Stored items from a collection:
-------------------------

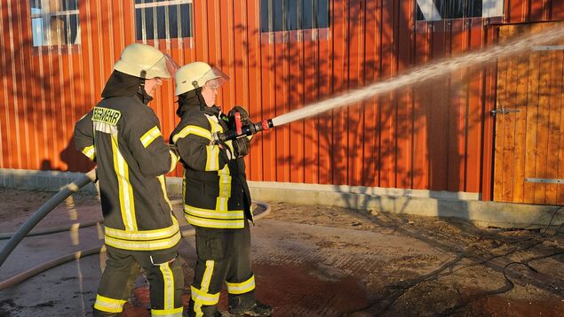 Die Übung war von Ortsbrandmeister Alexander Stach und seinem Stellvertreter Nils Waller ausgearbeitet worden. Ort war der Schweinezuchtbetrieb von Jan und Caren Dieckmann in der Sethlerhemmerstraße, wo eine große Lagerhalle auf dem Hof brennen sollte. Mehrere Personen würden vermisst werden.
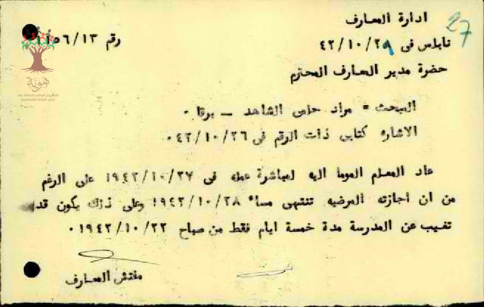 رسالة من مفتش المعارف الى مدير المعارف بخصوص عودة المعلم مراد الشاهد الى العمل
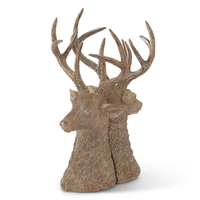 SET OF 2 11.75 INCH TAN RESIN DEER BUST BOOKENDS
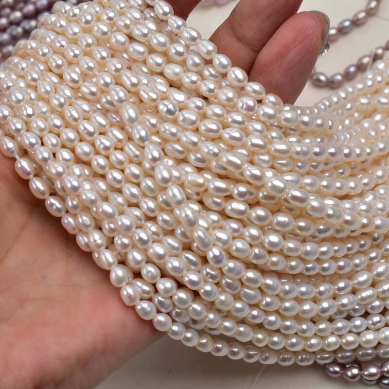 Perlas de agua dulce de arroz morado blanco natural de 4-5 mm
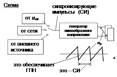 ГПН генерирует пилообразное напряжение частотой приблизительно кратной частоте uвх. СИ обеспечивают точную кратность частот. Математическая модель должно быть для устойчивости изображени Тр/T = N, N=1, 2, 3… -целое число. N – количество периодов uвх, видимых на экране.

-------------------------

* _Exercise description_
Copy nothing but the lines from the start of the entries through the line with "Perlas de agua". Write them out exactly, without pictures.

* _Worked solution_
 Die Übung war von Ortsbrandmeister Alexander Stach und seinem Stellvertreter Nils Waller ausgearbeitet worden. Ort war der Schweinezuchtbetrieb von Jan und Caren Dieckmann in der Sethlerhemmerstraße, wo eine große Lagerhalle auf dem Hof brennen sollte. Mehrere Personen würden vermisst werden.
 رسالة من مفتش المعارف الى مدير المعارف بخصوص عودة المعلم مراد الشاهد الى العمل
 SET OF 2 11.75 INCH TAN RESIN DEER BUST BOOKENDS
 Perlas de agua dulce de arroz morado blanco natural de 4-5 mm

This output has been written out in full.